On the other hand, Zimbabwe is a reckless example of the failure of this option when there is no radical versions. In 2003, the authorities removed the three zeros of the currency and the inflation rates exceeded 1,000 percent. As the decline continues, the currency collapses completely, and after inflation, the fiction has reached a fictional level, amidst lack of confidence in monetary and economic policies.

In this case, the experience of Torky is more balanced, as the stage of removing six zeros from Lira in 2005 came after years of collecting inflation. When the dollar exchange rate reaches a million pounds, daily transactions are stressful. But in parallel to monetary reform, Ankara has made several measures to improve the management of the economy, which has revived confidence in the national currency and has contributed to the achievement of the modern growth rate in the next year.

A beautification of new start or reality?

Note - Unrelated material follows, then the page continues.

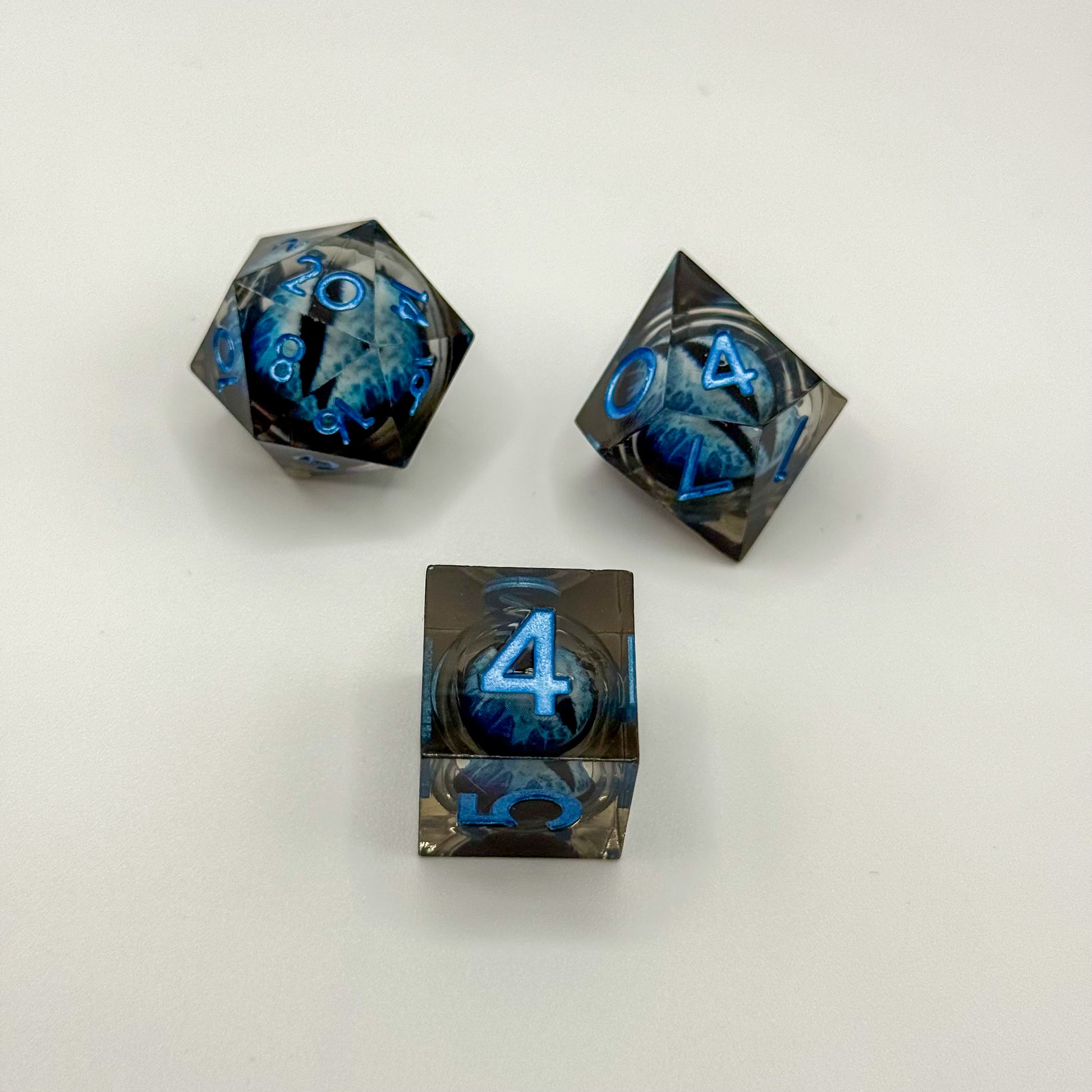 Summon the chill of an ancient glacier and the stare of a frost dragon with the Frostbound Dragon’s Gaze dice set. Encased in clear resin, each die holds a piercing blue draconic eye—an icy sentinel that watches over every roll. The frosty blue numbering echoes the cold breath of winter, perfect for spellcasters, rangers, and frost-wielding heroes alike.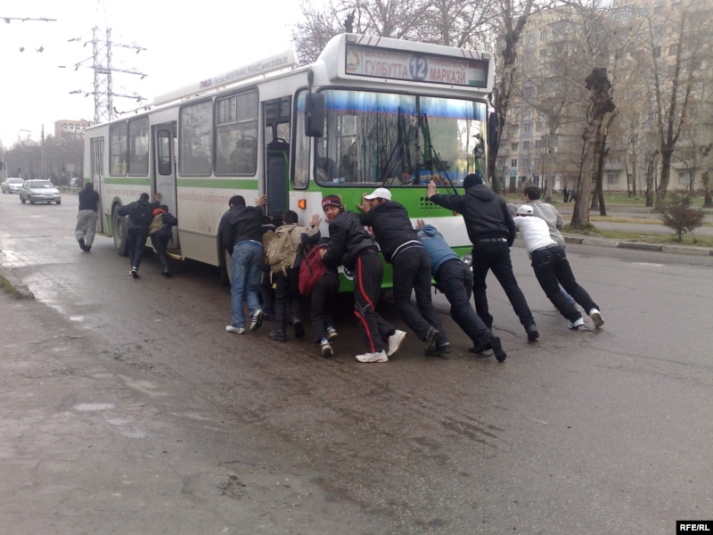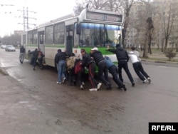 Бір топ адам Душанбе көшесінде келе жатып тоқтап қалған троллейбусты итеріп барады. 16 ақпан 2010 жыл.

The elimination of texts from international experiences indicates that the elimination of zeros can cause a positive change, but only when it is associated with deep economic and institutional reforms. Accordingly, the feasibility of this stage in Iran, Syria and Lebanon depends on the availability of a true political will to adopt comprehensive reforms. It is not a magic solution to eliminate zeros, but it is not a magic solution to improve accounting and psychological performance, but it is not sufficient if it does not support if it does not support the central bank’s independence, reforming public economy, fighting corruption and providing a safe environment for productive investment.